MUSIC ARCHIVES

A Level Field

by

“When you fly out of Las Vegas to, say, Milwaukee, the absences imposed by repression are like holes in your vision.” I feel this line of Dave Hickey’s from Air Guitar because I’ve lived in both places, sorta—the latter for too goddamned long, and Austin, which bests Vegas during South by Southwest, the 20-year-running music conference. The bands at Milwaukee’s Summerfest, supposedly the world’s largest music festival, tend toward the dinosaur; the oppressively whitebread crowd sits through disparate acts on the Miller stage more out of love for the Miller. SXSW, however, remains staunchly for the up-and-coming, a category wide enough to include both the Arctic Monkeys and bands that only play for bartenders. So those with eclectic tastes can pig out. SXSW dissolves genre distinctions with an illusion of the totality of popular music.

Of course, a similar dissolution of class distinctions is supposed to follow. Up-and-comers attend SXSW to find out how they could subsist on and perhaps dominate in art and democracy. So dozens of panels, one-to-one mentoring sessions, and trade exhibits pull back the curtain on the system. And the 1,500 bands in 40-minute spurts on 65 stages put all that theory into practice.

So SXSW is a level playing field in a town overrun by tech lords who left their hearts (such as they are) on Wall Street and refuse to let local politics ruin their nightlife fun. Undoubtedly, for some Austinites SXSW replicates a cheap holiday in other people’s misery. Precious few locals get to flash the coveted badge that allows mostly out-of-towners to whisk past the second-class wristband wearers and proceed into their show of choice. And the bands remain overwhelmingly white. But when faced with even a representation of a totality, some restrictions necessarily apply.

And those 1,500 bands weren’t the only representation on hand. My favorite panel was the sober PowerPoint presentation “Quantum Music Analysis (QMA) of Hit Songs” presented by Mike McCready of Platinum Blue Music Intelligence. By comparing every song in Billboard‘s Top 30 to the rest of the musical universe, the “scientists” at Platinum Blue have discovered that 85 percent of all hit songs conform to certain “hit clusters” based on mathematical patterns. Then at the trade show, the well-named “music discovery service” pandora.com (created by the Music Genome Project) mapped out every musical “gene” possible to help you find more music you’ll like, based on bands you already love.

This emphasis on conformity and similarity (not to mention the genetic-engineering discourse) begs for the wisdom of Poly Styrene. But on one level, both devices were merely attempts to wrestle with the totality. Unsurprisingly, the best of the 1,500 were just approaching the mat.

Electro geeks Hot Chip already know they’re sexier than Depeche Mode at a similar stage of development. So they peeled off their shirts and made their squirrelly tunes sweat like tribal house. You could just see frontman Alexis Taylor all drugged up and rockerish 20 years hence à la Dave Gahan. Likewise, witnessing Art Brut’s lead haranguer Eddie Argos natter on in front of the mixed-gender-and-age band he’s formed gave his smarty-pants lyrics a corny one-world aspect missing in a haranguing godfather like Mark E. Smith. Brainy and corny—two great tastes you almost never get in the same candy bar—put Argos’s sex appeal (and potential career longevity) through the roof.

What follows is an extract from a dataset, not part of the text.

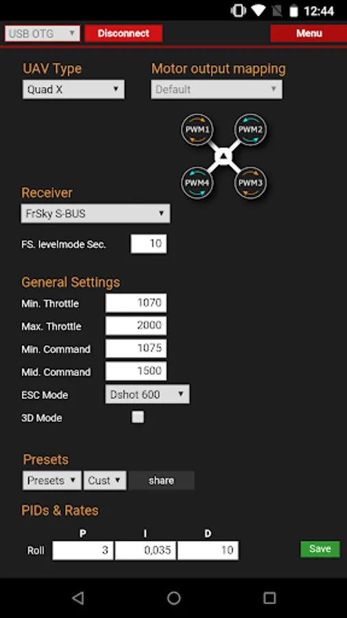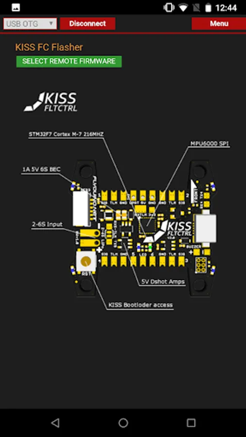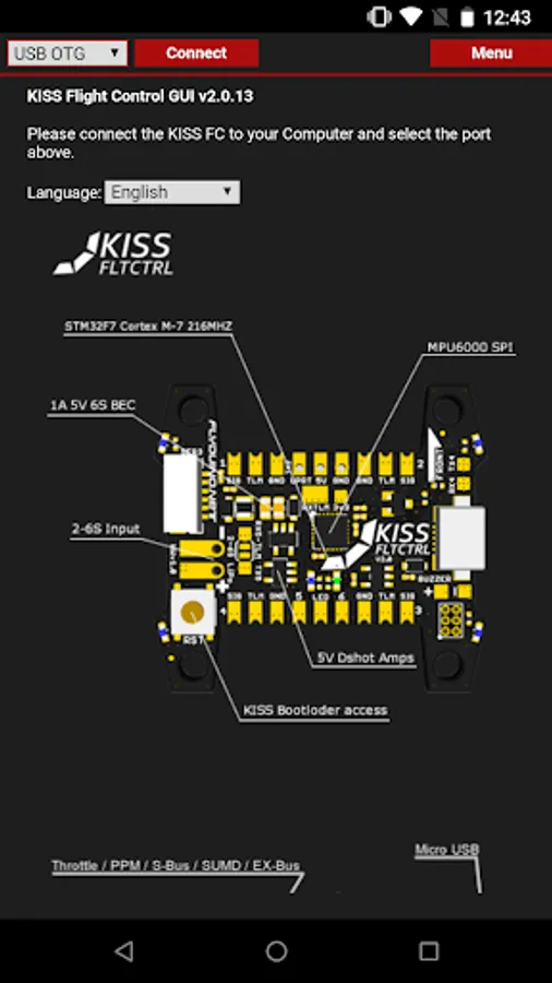 This is the Flyduino KISS FC app supporting KISS FC,CC and FCv2 flight controller.

Ariel Pink’s dumbfoundingly gorgeous ghost rock imagines the sound of remembering songs, but live he threw up his hands when he couldn’t access that haunted quality with his box of echo effects. Ass Pony Chuck Cleaver, rediscovering himself with new band Wussy and riding the catchiest record of his career, seemed content with that achievement as well as his John Popper–like frame. But whither Gil Mantera’s Party Dream, the best act I caught this year—two velvet-hip-huggered brothers from Youngstown, Ohio, who roughhouse each other onstage? Their jokey new wave is cut with guitaristics occasionally invoking the billowy tufts of (can this be?) Manuel Gottsching. Id/superego, brand new/you’re retro antagonized one another in syntheses that vaguely recalled Andrew W.K.

And for every official show, there were countless unofficial ones like Seattle’s United State of Electronica. Easily the most party-hearty live act in the country, they played two unofficial venues an hour apart on opposite sides of I-35. And poor Leah Archibald of Wide Right flew in from Brooklyn to find her unofficial show canceled due to rain. For Archibald, Austin wasn’t a playground or even a level playing field. It was an airport where you had to wait before you could face the next totality.